About me

Maria Pia Luly Jones

Maria Pia Luly Jones

The first time I met her, Maria Pia Luly Jones came towards me offering an exquisitely scented posy. A gesture from times gone-by, a bouquet that gathered all the flowers which Maria Pia loves: little wild roses and bellflowers, orange blossom, bouvardie, freesias and columbines, wild flowers and flowers that grow in the gardens of Bordighera.

A very young Maria Pia, her artistic studies just finished, newly married and living in Monaco, begins her professional career in Nice with a company specialised in drawings for fabrics. The choice naturally falls on flowers. Maria Pia creates floral subjects with freshness of style, vibrant in colours and full of light: joyful golden ear of corn garlands chase themselves in blue skies, small bunches of wild flowers stand out on a sunny background, roses are the stars of the situation lit by the blue of the gentians. In these drawings there is all the happiness of a person who has absorbed all the Midi`s nature and light: it comes spontaneously to think of the same roses, and the same flowers that another lover of the Riviera , Raoul Dufry, used to create in the Twenties and Thirties for Bianchini - Ferier.

After a long pause in her creative activities -- care of family loved-ones, thoughts on the subject of her interests, studies on her favourite topics -- the desire to go back to her painting and to once more lay colour on paper re-explodes. The occasion arises in a long journey to Crete, another country blessed by the sun: the first subject is represented by the Onosma erectum, a plant native to the island, of which she portrays with elegance the yellow velvet-like flower and its leaves with their characteristic long rigid hair. Since then she is like a fast-flowing river.

Maria Pia would never stop painting as if she were trying to make up for the long years of silence. She paints with passion, almost rage, except that this last word is in complete contradiction with her particularly gentle and reserved  nature.
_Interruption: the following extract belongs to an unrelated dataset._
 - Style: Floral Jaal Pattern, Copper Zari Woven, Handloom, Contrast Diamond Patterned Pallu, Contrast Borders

Her choices are not programmed but are inspired : she is attracted by simple wild flowers such as Bryonia cretica with its elegant spirals, myosotis and bellflowers, columbines and daffodils, drawn on paper with an excellent feeling for the lay-out.
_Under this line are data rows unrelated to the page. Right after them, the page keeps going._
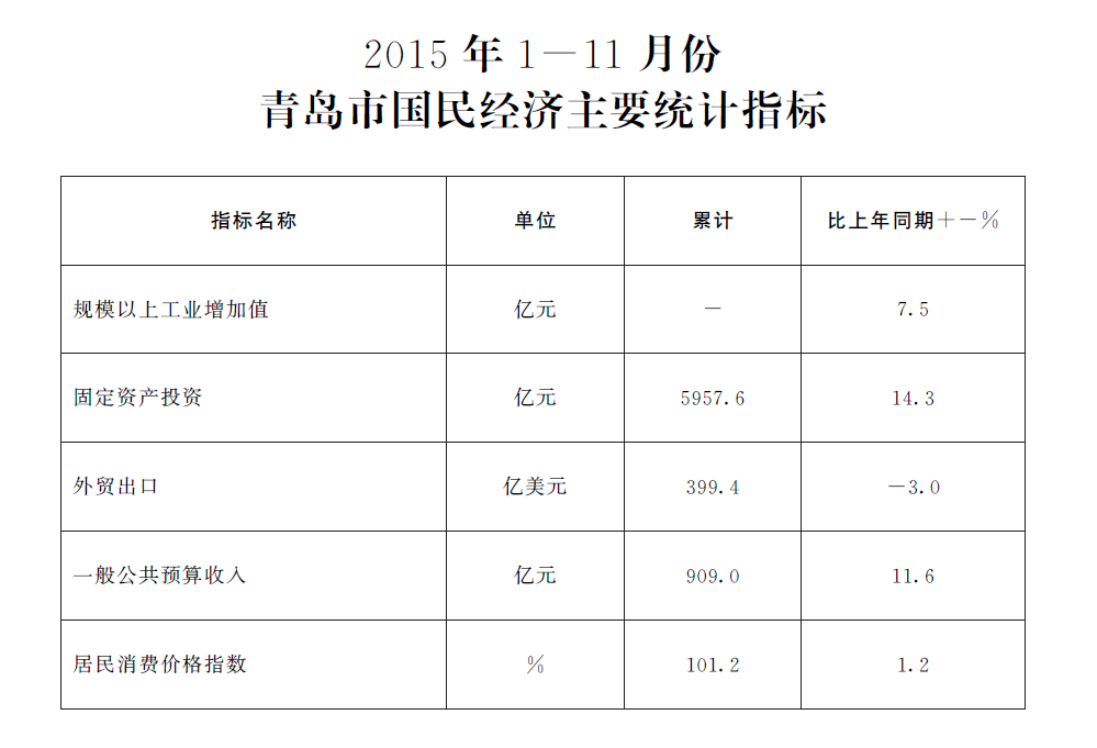 2015年1-11月份青島市國民經濟主要統(tǒng)計指標
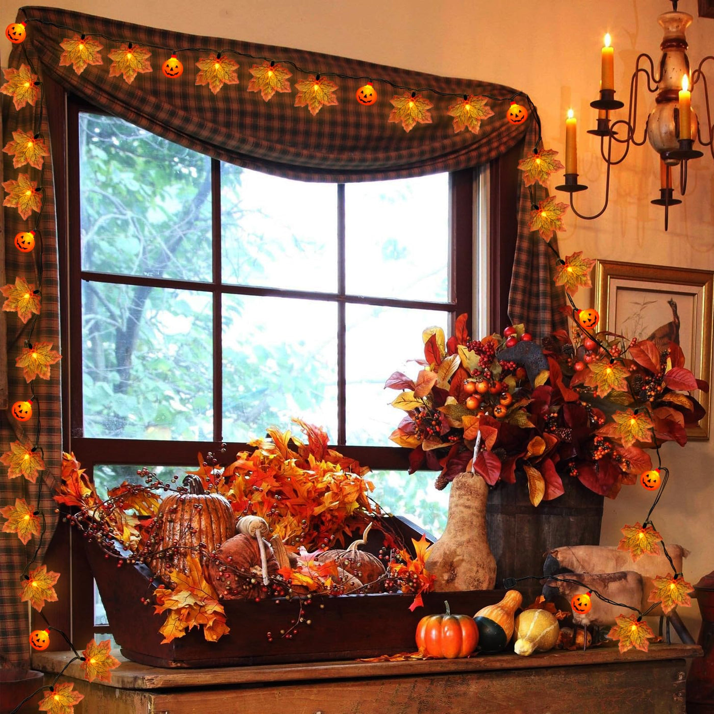 thanksgiving lightsthanksgiving decorthanksgiving decorationsthanksgiving lights indoorthanksgiving lights outdoor There are 35 led bulbs per string, with 2 additional mini LED bulbs available for replacement. UL Listed String Lights for indoor stair banisters, mantel, bedroom walls, floors, ceilings, and outdoor trees, lawn, and garden. Note : The distance between two bulbs is 4 inches. Bulb information Source Type: LED Bulb Quantity: 25 LED Orange Maple Leaf Lights + 10 LED Pumpkin Lights Bulb Life Span: 20,000 Hours Color Temperature : 2700K Bulb Watt: 0.07W per Bulb, 2.45W per String Wire information Plug Type: 2-prong plug Input Voltage : AC 120V Wire Gauge : 22AWG XTW Wire Color : Black Fuse : 4 Fuses (2 Spare) Total Length : 13.6 Feet Bulb Spacing : 4 inch Plug to first bulb : 24 inch Last bulb to end plug : 4 inch Extendable : connect up to 88 strands / 216 Watts together maximum Package Included 1*13.6FT Indoor String Lights(25 LED Orange Maple Leaf Lights + 10 LED Pumpkin Lights) 2*Spare Fuses 2*Spare Mini LED Bulbs 1*Instruction Manual Cautions 1. Please turn off the power before installation. 2. Don't touch the bulb when it's working or hot. 3.The whole string is in series, if one bulb is unplugged or one bulb was burnt out, the whole string won't be working. halloween decorations fairy lights halloween string lights autumn decor decorative lights thanksgiving lights harvest decorations indoor string lights window lights thanksgiving lights outdoor thanksgiving tree decorations thanksgiving decoration fall lights string plug in fall decorations for home thanksgiving string lights fall porch decorations outdoor fall bedroom decor fall decorations autumn decor thanksgiving decorations fall decor for bedroom fall decorations indoor thanksgiving decor thanksgiving decorations indoor autumn decorations for home leaf string lights halloween lights indoor
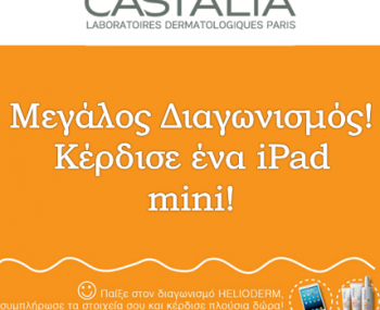 Η σελίδα Castalia Laboratoires Dermatologiques διοργανώνει διαγωνισμό Helioderm και σας δίνει τη δυνατότητα να κερδίσετε ένα i-Pad mini (1ο δώρο), αντηλιακή προστασία Castalia για ΌΛΟ το καλοκαίρι (2o δώρο) και 10 σετ αντηλιακής προστασίας (3ο δώρο).
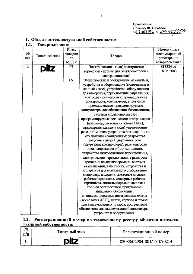 "О ТОВАРНОМ ЗНАКЕ "PILZ"
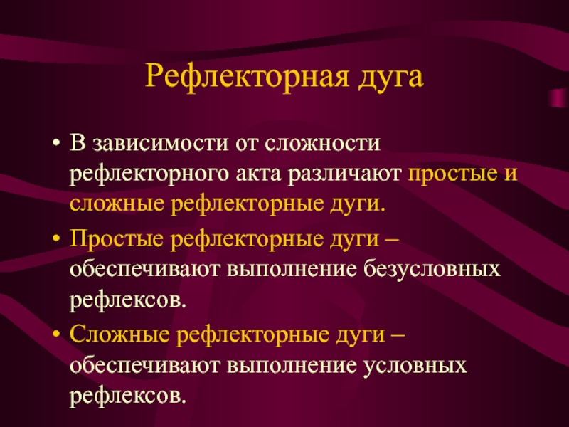 Простые рефлекторные дуги – обеспечивают выполнение безусловных рефлексов.

She is also attracted by tulips, sometimes so simple and elegant and other times  so peculiar and jagged. Of the tulip she likes the long thick coriaceous dark green leaves that she paints with a long and confident stroke of the brush. Then there are  roses, many of them: some modest and some superb, the red one which offers itself as if it were a declaration of love " L`attesa " and the one with delicate petals which barely need to be touched to smell its scent.
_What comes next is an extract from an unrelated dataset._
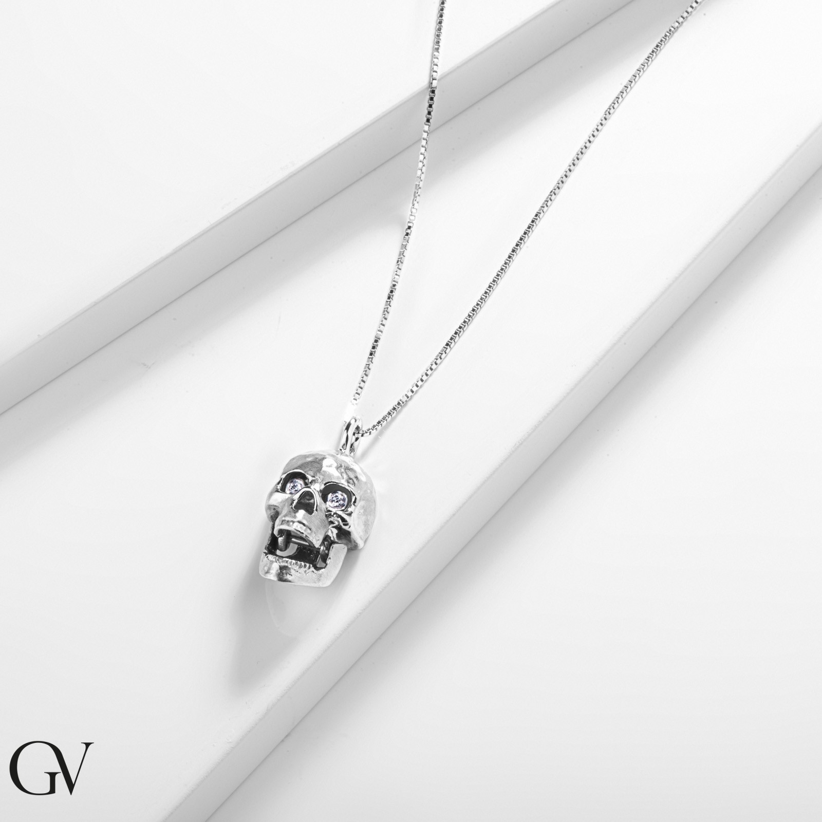 Halskette aus 750er Weißgold mit Totenkopf Anhänger und Diamanten

What is striking about this painter is her absolute sense of humility, a price-less virtue, towards the great botanical illustration of the past. From such an approach have their beginnings the works which she calls "tribute" inspired or dictated by the affection which she has for the works of the maestri about which she has meditated for a long time: the peony and the ipomea in homage to Redoute, the vase with the muscaris bulbs and the one with the primroses, a clear reference to Georg Ehret, the chaste violets which associate her to a more recent and much loved maestro, the Australian Paul Jones.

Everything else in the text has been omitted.